Eventual consistency, while common, often complicates application development and database operations. When I joined AWS in 2008, the EC2 control plane relied on a tree of MySQL databases: a primary for writes, a secondary for failover, and multiple read replicas for scaling reads and latency-insensitive reporting. All of this was linked with MySQL’s statement-based replication. While it generally worked day-to-day, two significant pain points have remained with me: operational costs were high, and eventual consistency led to peculiar behaviors.

Since then, managed database services like Aurora MySQL have made relational database operations orders of magnitude easier. This is a tremendous improvement. However, eventual consistency remains a characteristic of most database architectures designed to scale reads. Today, I want to delve into why eventual consistency presents significant challenges and highlight our substantial investment in ensuring all reads are strongly consistent in Aurora DSQL.

Eventual Consistency Poses Challenges for Customers

Consider a common code pattern executed against an API backed by a database service:

id = create_resource(...)
get_resource_state(id, ...)

In systems utilizing read replicas, the latter get_resource_state call can produce a bewildering result: "id does not exist". The reason is straightforward: get_resource_state is a read-only operation, likely routed to a read replica, and it's racing against the write from create_resource. If replication completes before the read, the code behaves as expected. If the client’s read occurs first, it experiences the unusual sensation of data appearing to travel backward in time.

Application programmers lack a robust, principled method to counteract this. Consequently, they often resort to patterns like this:

id = create_resource(...)
while True:
    try:
        get_resource_state(id, ...)
        return
    except ResourceDoesNotExist:
        sleep(100)

This "fixes" the problem, but only partially. Especially if ResourceDoesNotExist can also be thrown when an id is deleted, this loop could become infinite. Moreover, it imposes additional work on both client and server, introduces latency, and forces the programmer to arbitrarily choose a sleep duration that balances between performance and correctness. It's an inelegant solution.

The problem is even more subtle, as Marc Bowes highlighted:

def wait_for_resource(id):
    try:
        get_resource_state(id, ...)
        return
    except ResourceDoesNotExist:
        sleep(100)

id = create_resource(...)
wait_for_resource(id)
get_resource_state(id)

The final get_resource_state call could still fail. This is because it might be routed to an entirely different read replica that hasn't yet received the latest updates from the primary (3).

Strong consistency completely bypasses these issues (1), ensuring that the initial, simpler code snippet functions reliably.

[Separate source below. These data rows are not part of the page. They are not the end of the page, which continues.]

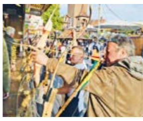
Die VDS besuchte die diesjährige Domweih in Verden

Am Dienstag, den 4. Juni 2024, traf sich eine kleine, aber feine Gruppe der Mitglieder der VDS zum fröhlichen Rundgang über die Domweih. Trotz der überschaubaren Teilnehmerzahl hatten alle Anwesenden viel Spaß und nutzten die Gelegenheit, sich sportlich zu betätigen – besonders das Bogenschießen erfreute sich großer Beliebtheit.
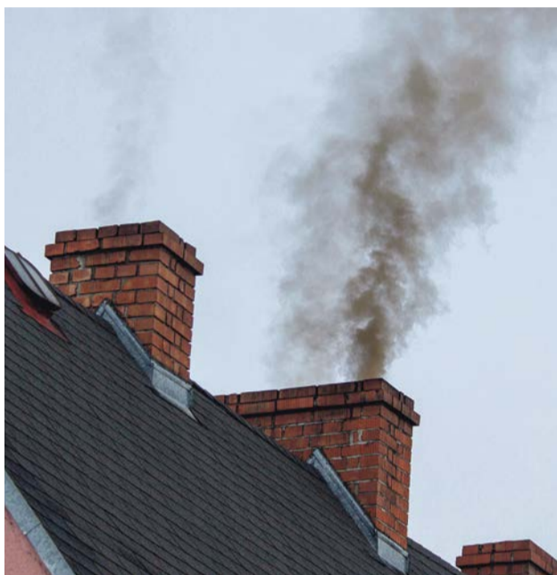
Urzednicy podkreślają, że najważniejszym celem udzielanych dotacji jest uzyskanie jak najlepszego efektu ekologicznego

Nowością wprowadzoną na rok przyszły jest umożliwienie ubiegania się o dofinansowanie do kwoty 20 tys. złotych przez wspólnoty mieszkaniowe, które posiadają jedną wspólną kotłownię.
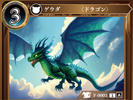
ひりゅう 飛竜 ワイバーン
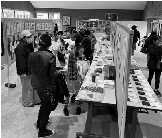
たくさんの作品が展示され賑わう中央公民館ロビー
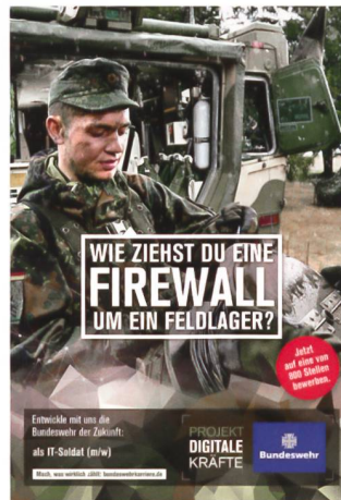
Werbung für digitale Berufe.

stockt werden. Um diesen Bestand mit besonders qualifizierten Personen erreichen und halten zu können, musste deshalb auch in die Bildungslandschaft eingegriffen werden. An der Bundeswehrhochschule in München wird ein Forschungs-
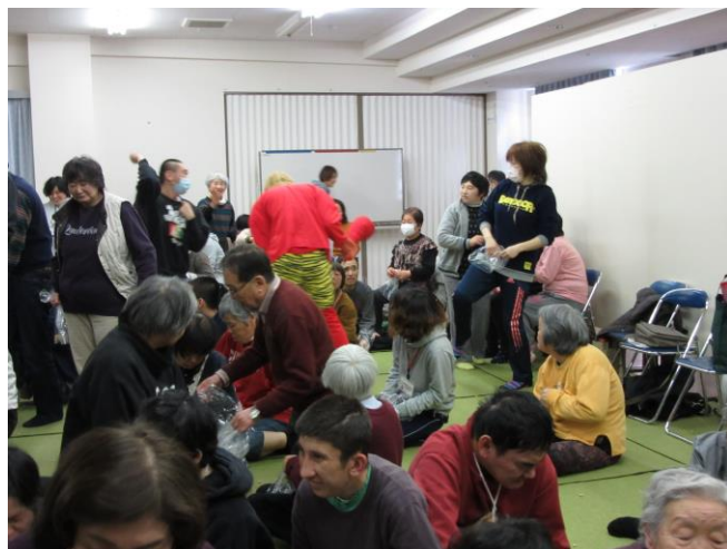
「鬼をやっつけるぞー!!」
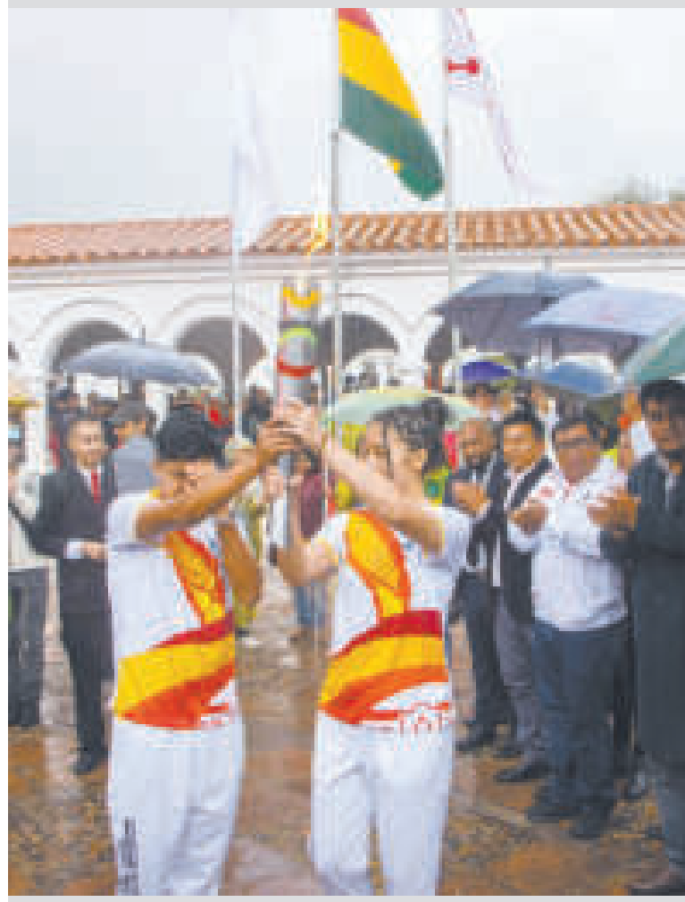
Comienza el recorrido del fuego bolivariano llevando un mensaje de paz y unidad.

El Ministerio de Salud y Deportes dispuso tres escenarios para las competencias: el Polideportivo Garcilazo, la Piscina Olímpica Sucre y el Poligimnasio Max Toledo, a los que se efectuó el mantenimiento correspondiente de infraestructura.
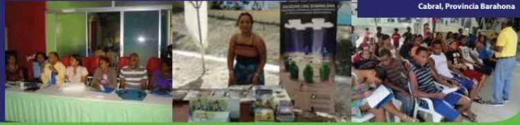
Cabral, Provincia Barahona
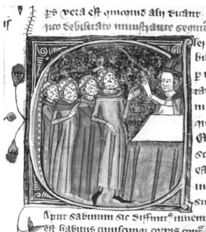
Fig. 6. Miniatura sobre la peste bubónica.

Una de las principales causas de muerte masiva durante la Edad Media, fueron las plagas o epidemias; así pues, nos encontramos con la tan temible Peste Negra, expandida por toda Europa, llegó a ser considerada una pandemia. Los síntomas eran muy variados, pero totalmente reconocibles; es el caso de la miniatura que observamos, los enfermos sufrían la aparición de dolorosos bubones en axilas, ingles, y cuello acompañados con una gran fiebre, fatiga general, tos, esputos con sangre, y hemorragias cutáneas con placas de color negro azulado, lo cual llevó a dar este nombre a la enfermedad. La figura 6 muestra una miniatura con una serie de enfermos siendo estos clérigos, lo cual implica que la enfermedad no distinguía de clases, llenos de bubones por todo el cuerpo, y un obispo bendiciéndolos; evidentemente el acto que se nos presenta es el del sacramento de la Extremaunción, puesto que los enfermos de peste negra morían en unos escasos 3 días.
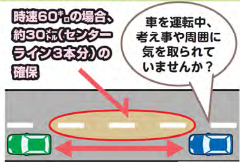
イラスト

Eventual Consistency is a Pain for Application Builders

The teams developing the services behind these APIs encounter identical challenges. To maximize the benefits of read replicas, application builders aim to direct as much read traffic as possible to them. However, consider the following code:

block_attachment_changes(id, ...)
for attachment in get_attachments_to_thing(id):
    remove_attachment(id, attachment)
assert_is_empty(get_attachments_to_thing(id))

This is a typical pattern within microservices—a small workflow designed for cleanup. Yet, in an eventually consistent environment, it harbors at least three potential bugs:

The assert could trigger because the second get_attachments_to_thing hasn't received updates about all the remove_attachments.
remove_attachment might fail if it hasn't learned about one of the attachments previously listed by get_attachments_to_thing.
The initial get_attachments_to_thing could return an incomplete list due to stale data, leading to an incomplete cleanup operation.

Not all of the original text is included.